• **What to produce**:
Print exactly the first lines of the records. Stop after the line containing "穆尼教授在雅加达会场代表学校向俞雨龄总主席颁发了总顾问聘书。", and leave every picture out.
[[ Excerpted data, beginning ]]
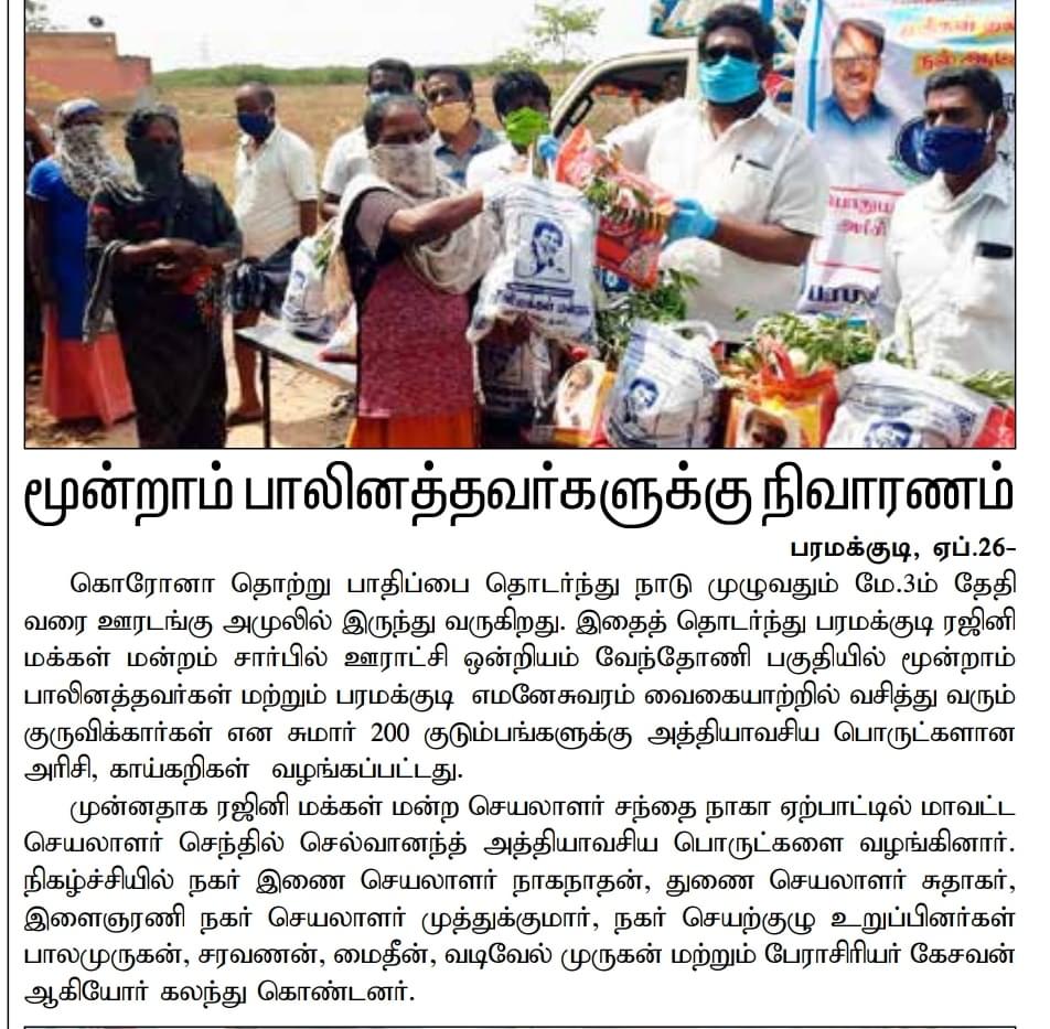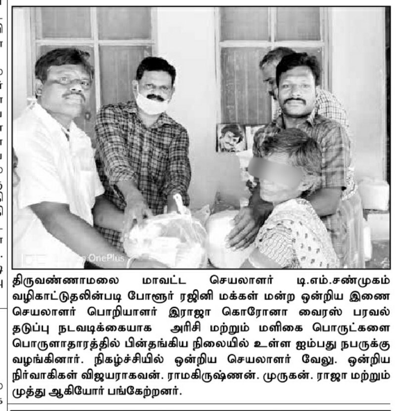 ரஜினி மக்கள் மன்ற நிர்வாகிகள் தமிழகமெங்கும் இந்த ஏப்ரல் மாதத்தில் எண்ணற்ற உதவிகளை செய்துள்ளனர் என்றும், தலைவர் ரஜினியின் மேற்பார்வை மற்றும் உத்தரவின் பேரில் இத்தனை சேவைகளும் பாதிக்கப்பட்ட மக்களின் துயர்களை துடைத்து வருகிறது என்றும் பதிவிட்டு வருகின்றனர். சாப்பாட்டுக்கு கஷ்டப்படும் ஏழைகளுக்கு ஓயாது உழைத்து அவர்களின் பசியை போக்கி வருகிறார்களாம்.
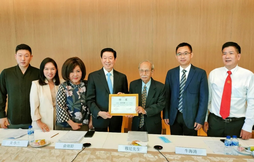 穆尼教授在雅加达会场代表学校向俞雨龄总主席颁发了总顾问聘书。
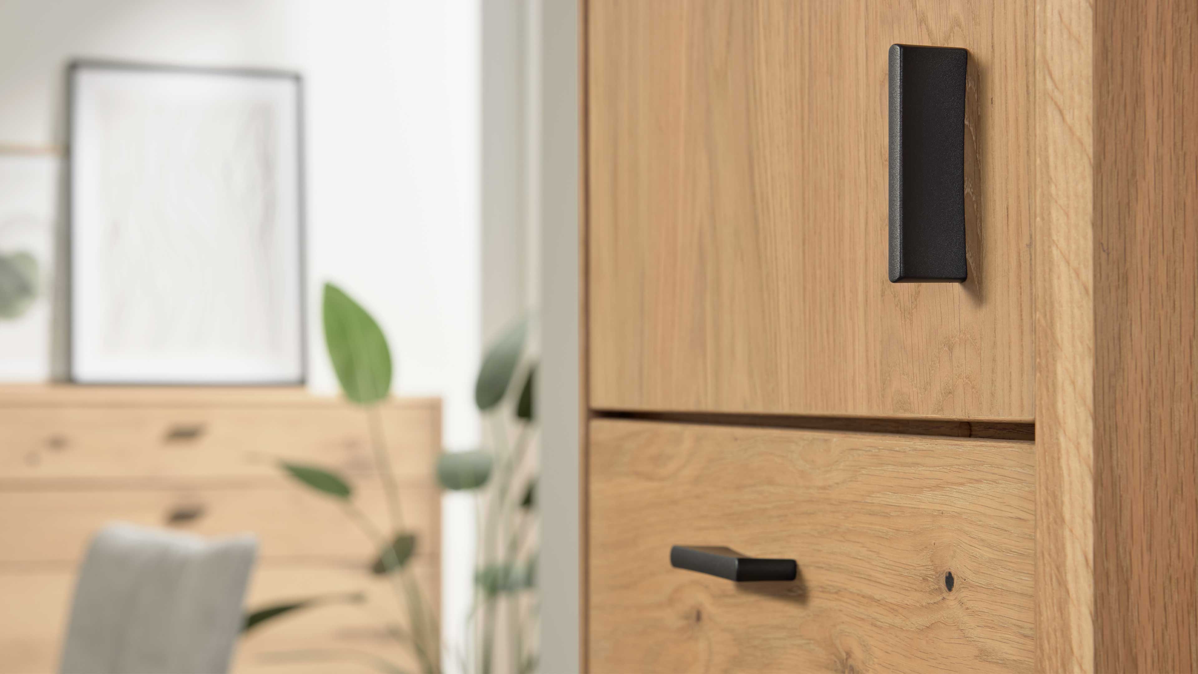 Der Schrank aus der Interliving Wohnzimmer Serie 2024 vereint hochwertiges Eichefurnier mit dezenten anthrazitfarbenen Griffen zu einem eleganten Gesamtbild. Das klare, geradlinige Design wirkt modern und zeitlos zugleich – perfekt, um sich harmonisch in unterschiedliche Wohnstile einzufügen, ob modern, klassisch oder skandinavisch inspiriert. Ein stilvoller Einzelschrank, der durch Funktionalität, Natürlichkeit und Formschönheit überzeugt.
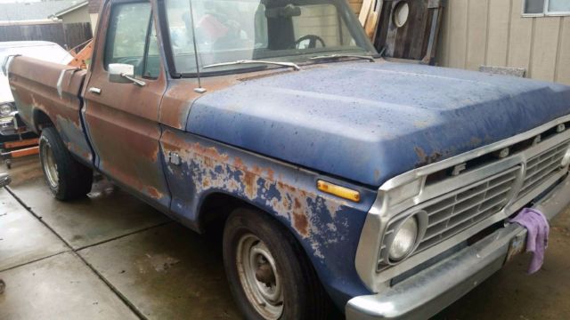 1974 FORD TRUCK CUSTOM CALIF PATINA LOOK F-100 1/2 TON SHORT BED FLEETSIDE.THIS IS A ONE-OWNER TRUCK WITH CALIFORNIA BLUE PLATES.THE FLOORS AND ROCKERS ARE SOLID AND THE WHEEL WELLS ARE SOLID THE ONLY RUST IS THE SURFACE RUST WHICH IS KNOWN AS THE PATINA LOOK...V-8 360 ENGINE AUTOMATIC WITH C6 TRANSMISSION THE TRUCK IS EQUIPPED WITH POWER STEERING AND AIR CONDITIONING..TRUCK HAS BEEN PARKED A FEW YEARS.... SO WITH THAT BEING SAID THIS WOULD BE A AS IS SALE TO THE WINNING BIDDER........ AND I WILL ANSWER ANY QUESTION THAT YOU MAY HAVE ON THE TRUCK AND NOT THE RESERVED PRICE..DUE TO BEING FAIR TO ALL OTHER BIDDERS................ ...................THANK YOU AND GOOD LUCK................... THE BUYER IS RESPONSIBLE FOR ANY AND ALL COST FOR VEHICLE PICK-UP OR TRANSPORTING OR SHIPPING AND ALSO FOR MONEY WIRE TRANSFERS THROUGH PAYPAL...... THE BUYER ALSO NEEDS TO MAKE A $1,000 DEPOSIT TO PAYPAL WITH-IN 24 HOURS OF CLOSING AUCTION.AND THE BUYER HAS 3 DAYS TO MAKE FULL PAYMENT TO PAYPAL OR IN PERSON WITH CASH ONLY....... |
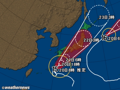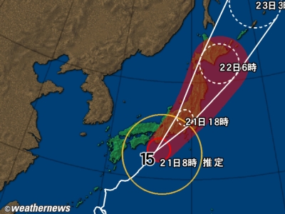 本日朝現在の台風15号の位置と予想進路です。この時点でも、まだ仙台直撃コースが予想されています。朝のラジオで、お天気キャスター・森田さんが「今回の台風は夏台風ではなく秋台風だから、偏西風に乗って予想通りまっすぐ行きますよ!」といっていました。結局その通りになったのですが・・・仙台への再接近は真夜中となりますが、午後からだんだん雨風が強まり、夕方には外に出たくなくなるほどの雨と風になりました。今日は車での出勤だったのですが、帰りに車に乗り込もうとしたら、ちょうど風向きが運転席の扉に吹き付けるかたちとなり、結局乗り込むときに車の中がびしょびしょに!街から南下して愛宕大橋の手前で河原町方面へ曲がったとたん、20~30センチほどの水。広瀬橋を渡って長町駅方面に向かう大通りでもところどころ大きく深い水たまりができており、皆さん車の両サイドに見事な水膜の放物線を形作っていました。
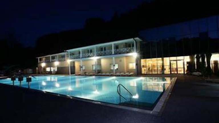 Verbringen Sie einen erholsamen Aufenthalt im Hotel Aqua Roma in Rimske Toplice. Das Hotel bietet eine idyllische Lage inmitten der Natur und verfügt über einen Außenpool mit Wasserrutschen, ein erstklassiges Restaurant und eine gemütliche Bar. Genießen Sie kostenloses WLAN und Parkplätze. Die klimatisierten Zimmer sind komfortabel ausgestattet und einige bieten einen Blick auf den Pool und die Berge. Nutzen Sie die nahe gelegenen Wellnesseinrichtungen und profitieren Sie von den Ermäßigungen in den römischen Bädern. Entdecken Sie die Umgebung mit den öffentlichen Verkehrsmitteln, die bequem zu erreichen sind. Der Flughafen Ljubljana ist 80 km entfernt.
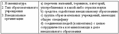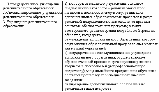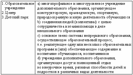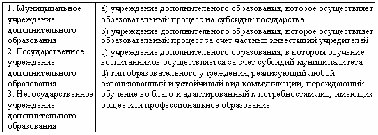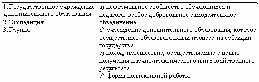 Список вопросов базы знанийТеория и практика современного дополнительного образованияВопрос id:2228630 Тема/шкала: 1083.02.01;МТ.01;1 - Модульный тест - Теория и практика современного дополнительного образования Профессиональное объединение педагогов - это группа работников, созданная с целью ?) решения отдельных проблем ?) решения отдельных задач ?) выполнения отдельных заданий ?) совместного решения сложных задач Вопрос id:2228631 Тема/шкала: 1083.02.01;МТ.01;1 - Модульный тест - Теория и практика современного дополнительного образования Профессиональное творчество - это ?) нахождение новых подходов к решению профессиональных задач, анализ профессиональных ситуация ?) нахождение новых нестандартных способов решения профессиональных задач, анализ профессиональных ситуаций, принятие профессиональных решений ?) нахождение нетрадиционных способов выхода из ситуации, анализ профессиональных ситуаций ?) нахождение творческих решений ситуаций, новых нестандартных способов решения Вопрос id:2228632 Тема/шкала: 1083.02.01;МТ.01;1 - Модульный тест - Теория и практика современного дополнительного образования Профессиональное творчество педагога дополнительного образования чаще всего опирается на ?) профессиональное мастерство ?) творческий подход к профессии ?) компетентность ?) свободное владение знаниями Вопрос id:2228633 Тема/шкала: 1083.02.01;МТ.01;1 - Модульный тест - Теория и практика современного дополнительного образования Результатами деятельности клуба можно считать наличие у обучающихся ?) знаний, умений, активности, рефлексии, самовоспитания, приемов ?) приемов мышления, актуальности поведения, значимости знаний, понимания рефлексии, готовности к деятельности, приемов ?) возможностей, готовности, деятельности, культуры, знаний, анализа ?) способов, приемов, техник мышления, деятельности, культуры рефлексии, поведения Вопрос id:2228634 Тема/шкала: 1083.02.01;МТ.01;1 - Модульный тест - Теория и практика современного дополнительного образования Результатом работы творческих мастерских являются такие виды продукции, как ?) методические сборники; учебно-методические пособия; положения о творческих конкурсах; сценарии и планы массовых мероприятий; планы занятий; методические рекомендации; пособия ?) программы курсов повышения квалификации; планы семинаров-практикумов; программы семинаров-практикумов; сценарии и планы массовых мероприятий; планы занятий; методические рекомендации; пособия ?) методические сборники; учебно-методические пособия; дидактический материал для занятий; программы курсов повышения квалификации; планы и программы семинаров-практикумов; положения о творческих конкурсах; сценарии и планы массовых мероприятий ?) положения о творческих конкурсах; сценарии массовых мероприятий; планы массовых мероприятий; планы занятий; методические рекомендации; пособия; конспекты Вопрос id:2228635 Тема/шкала: 1083.02.01;МТ.01;1 - Модульный тест - Теория и практика современного дополнительного образования Руководит методическим объединением ?) назначаемый председатель ?) заместитель директора по учебной работе ?) председатель, выполняющий свои обязанности на общественных началах ?) заместитель директора по научной работе Вопрос id:2228636 Тема/шкала: 1083.02.01;МТ.01;1 - Модульный тест - Теория и практика современного дополнительного образования С понятием студия находятся в тесном со
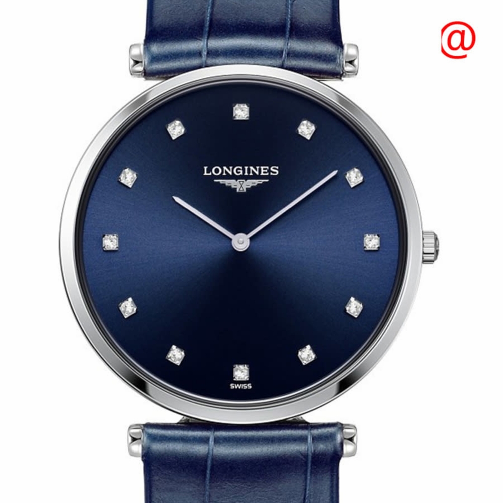 Stainless steel case with a blue alligator/crocodile leather strap. Fixed bezel. Blue dial with silver-tone hands and diamond hour markers. Dial Type: Analog. Quartz movement. Scratch resistant sapphire crystal. Pull / push crown. Solid case back. Round case shape, case size: 33 mm, case thickness: 5 mm. Tang buckle clasp. Water resistant at 30 meters / 99 feet. Functions: hour, minute. La Grande Classique Series. Dress watch style. Watch label: Swiss Made. Longines La Grande Classique Quartz Diamond Blue Dial Ladies Watch L4.709.4.97.2.
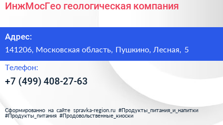 ИнжМосГео, геологическая компания по адресу 141206, Московская область, Пушкино, Лесная, 5 в дальнейшем Организация, размещена в следующих категориях:
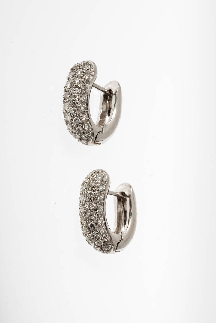 in oro bianco, a cerchio ovalizzato, parte anteriore in pavé di diamanti taglio brillante per totali ct 1,08 ca, probabile G-H, purezza IF-VVS
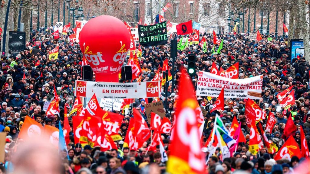 Amparados en altas cifras de rechazo a la medida y tras la mayor manifestación contra una reforma social en tres décadas, con entre 1,27 y 2,8 millones de personas en las calles el 31 de enero, los sindicatos libran su ofensiva con paros y protestas pacíficas.
[[ Excerpted data, end ]]
• **Answer to this task**:
 ரஜினி மக்கள் மன்ற நிர்வாகிகள் தமிழகமெங்கும் இந்த ஏப்ரல் மாதத்தில் எண்ணற்ற உதவிகளை செய்துள்ளனர் என்றும், தலைவர் ரஜினியின் மேற்பார்வை மற்றும் உத்தரவின் பேரில் இத்தனை சேவைகளும் பாதிக்கப்பட்ட மக்களின் துயர்களை துடைத்து வருகிறது என்றும் பதிவிட்டு வருகின்றனர். சாப்பாட்டுக்கு கஷ்டப்படும் ஏழைகளுக்கு ஓயாது உழைத்து அவர்களின் பசியை போக்கி வருகிறார்களாம்.
 穆尼教授在雅加达会场代表学校向俞雨龄总主席颁发了总顾问聘书。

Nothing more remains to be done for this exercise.